## [RECORDS FOR THIS EXERCISE]

┌──

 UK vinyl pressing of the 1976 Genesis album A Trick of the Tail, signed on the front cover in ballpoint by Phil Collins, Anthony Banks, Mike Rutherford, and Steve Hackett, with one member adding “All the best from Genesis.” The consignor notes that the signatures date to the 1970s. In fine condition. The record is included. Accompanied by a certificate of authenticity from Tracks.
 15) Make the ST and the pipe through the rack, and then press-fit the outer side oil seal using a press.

└──
┌──

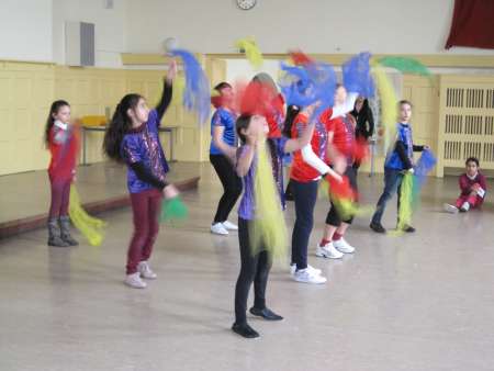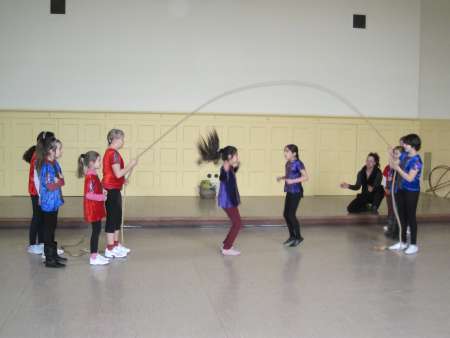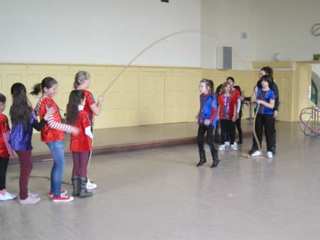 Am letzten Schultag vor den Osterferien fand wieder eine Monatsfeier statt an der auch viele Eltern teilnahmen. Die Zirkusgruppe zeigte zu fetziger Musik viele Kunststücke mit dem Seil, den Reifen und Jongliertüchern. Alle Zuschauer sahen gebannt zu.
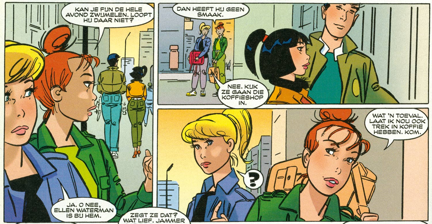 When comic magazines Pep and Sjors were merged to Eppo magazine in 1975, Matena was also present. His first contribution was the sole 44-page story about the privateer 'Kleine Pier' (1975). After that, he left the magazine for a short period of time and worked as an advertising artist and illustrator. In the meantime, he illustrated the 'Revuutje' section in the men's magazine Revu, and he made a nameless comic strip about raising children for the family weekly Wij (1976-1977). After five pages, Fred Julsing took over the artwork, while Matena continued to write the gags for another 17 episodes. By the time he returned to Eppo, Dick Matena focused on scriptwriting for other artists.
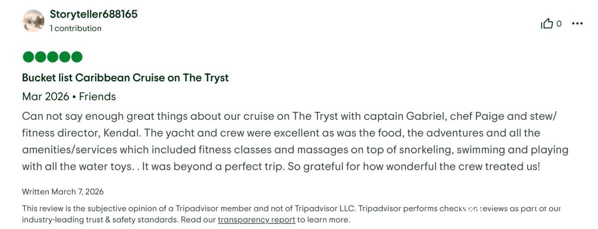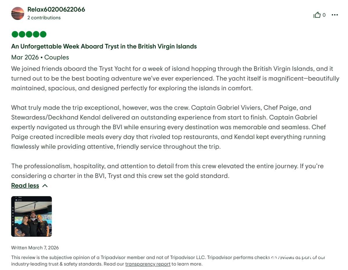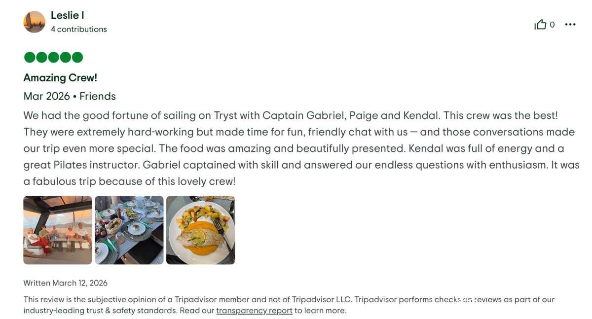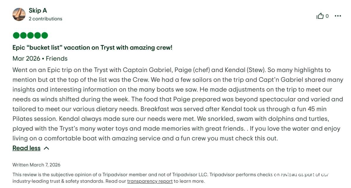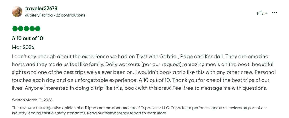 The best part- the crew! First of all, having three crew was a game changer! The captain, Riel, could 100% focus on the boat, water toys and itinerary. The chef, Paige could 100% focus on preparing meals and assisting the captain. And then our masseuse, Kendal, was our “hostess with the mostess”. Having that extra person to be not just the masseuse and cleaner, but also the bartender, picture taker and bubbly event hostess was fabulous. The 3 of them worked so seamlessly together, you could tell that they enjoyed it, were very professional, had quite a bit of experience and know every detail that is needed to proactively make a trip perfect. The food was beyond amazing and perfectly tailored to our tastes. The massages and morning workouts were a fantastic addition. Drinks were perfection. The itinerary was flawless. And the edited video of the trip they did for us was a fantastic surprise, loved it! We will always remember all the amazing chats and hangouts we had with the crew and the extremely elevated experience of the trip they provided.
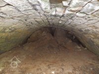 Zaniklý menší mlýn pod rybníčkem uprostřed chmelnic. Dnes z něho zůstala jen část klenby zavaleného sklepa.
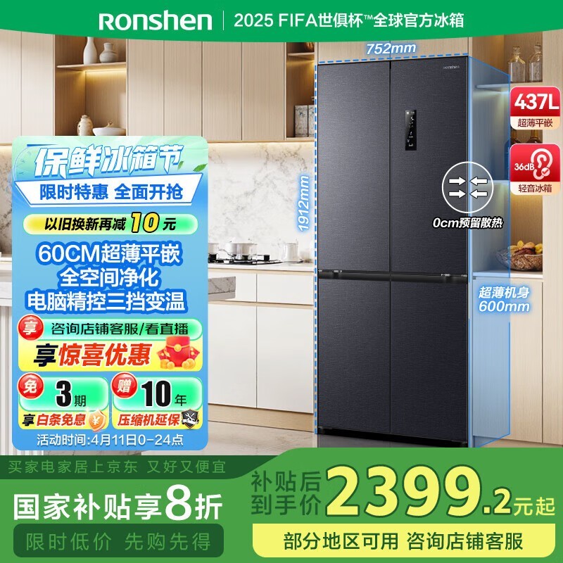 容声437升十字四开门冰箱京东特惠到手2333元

└──
┌──

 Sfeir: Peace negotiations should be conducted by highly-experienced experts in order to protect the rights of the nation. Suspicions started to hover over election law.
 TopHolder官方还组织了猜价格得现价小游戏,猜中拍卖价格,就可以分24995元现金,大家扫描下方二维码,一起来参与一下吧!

└──

## [WHAT IS EXPECTED]
Only one part of the material above is to be transcribed, namely the lines starting with the line that has "Sfeir: Peace negotiations" and going on through the line that has "TopHolder官方还组织", exactly as they stand.

## [ANSWER SECTION]
 Sfeir: Peace negotiations should be conducted by highly-experienced experts in order to protect the rights of the nation. Suspicions started to hover over election law.
 TopHolder官方还组织了猜价格得现价小游戏,猜中拍卖价格,就可以分24995元现金,大家扫描下方二维码,一起来参与一下吧!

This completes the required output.